PUERTOLLANO
He
pensado muchas veces en Puertollano. En sus calles amplias y viejas detenidas
en el tiempo. En el cielo de azufre que se rompe al respirar. En el humo de los
trenes que ensucia el aire, entre las ruedas metálicas, en las chimeneas de
carbón. Me he acordado muchas veces del aire tiznado en un cielo gris. De la
calle Torrecilla, vertiginosa y grávida, cayéndose sobre las casas como si
fuera un tobogán. He visto las calles antiguas que sabían a calor, a infancia,
las calles desconchadas, el suelo empedrado de los via crucis, fantasmas del
tiempo deshaciéndose en las casas, y la torre venerable y triste de la iglesia
de la Asunción: he visto las casas viejas, las tiendas de zapatos, los suelos
grises, la piedra añeja, el tiempo que pasó. Hoy miro y no veo nada, porque el
lienzo del pensamiento está hecho de recuerdos, y mi mente no puede ver más que
el pasado, porque mis pies, curtidos en los caminos, hace tiempo que no pisaron
por allí.
Y me acuerdo del Terry, que era una
montaña de carbón, perezosa y negra, con unos cables que traían de vez en
cuando una vagoneta, que se vestía perezosamente sobre el montón de escoria,
salida de la bruma a la que volvía para hundirse, en los días lentos, densos,
largos y grises donde mora el aburrimiento, día tras día, noche tras noche,
repitiéndose incansable, la misma vagoneta que se multiplica miles de veces en
su aparecer: y son miles de vagonetas, miles de montoncitos sucios,
acumulándose en los años y depositándose en el montón que crece, haciéndose montículo
y luego cerro, con el paso de los años, sin prisa pero sin pausa, como un
obrero que amontona la tierra pala a pala, como Yukón, lleno de fe, desplazando
las montañas, pero sin fe, con monotonía, con aburrimiento, la vagoneta triste
congelada en la rutina, la vida sin vida, la duración sin tiempo, como un
decorado que se ha ido convirtiendo, sin saber cómo, en protagonista del
cuadro, esqueleto que se hizo carne entre los pelos del pincel.

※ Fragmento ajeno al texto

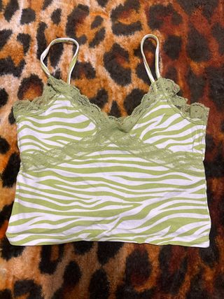 Top con estampado de cebra en tonos verde y blanco. Presenta un delicado detalle de encaje en el escote y los tirantes. - Diseño de cebra. - Ribete de encaje verde.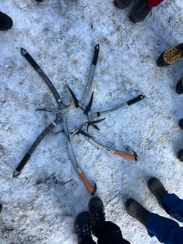 We completed our day with a walk around the lake in our crampons, getting used to moving on the frozen terrain.

El Terry. Montaña creada por la basura de
la mina. Ni tierra ni carbón, indefinible escoria. Ni negra ni parda, sino un
gris extraño, rojizo y sucio, remedo de óxido de hierro, bajo el lienzo sucio
donde el tiempo pintaba monotonía: como esas madres que cosen agachadas en la
mesa, oyendo la radio, en las tardes interminables y vacías, o tapizan las
noches de verano, cuando ha caído la siesta, y el suelo se llena de cucarachas
que crujen bajo los pies. Una cigarra chicharrea en las tardes de verano, y el
árbol, en un cielo sin aire, parece clavado en el aire, inmóvil, como un cromo
pegado, destilando añoranza en el tiempo pasado, supurando tardes de infancia,
niños soportando la siesta leyendo tebeos en el balcón.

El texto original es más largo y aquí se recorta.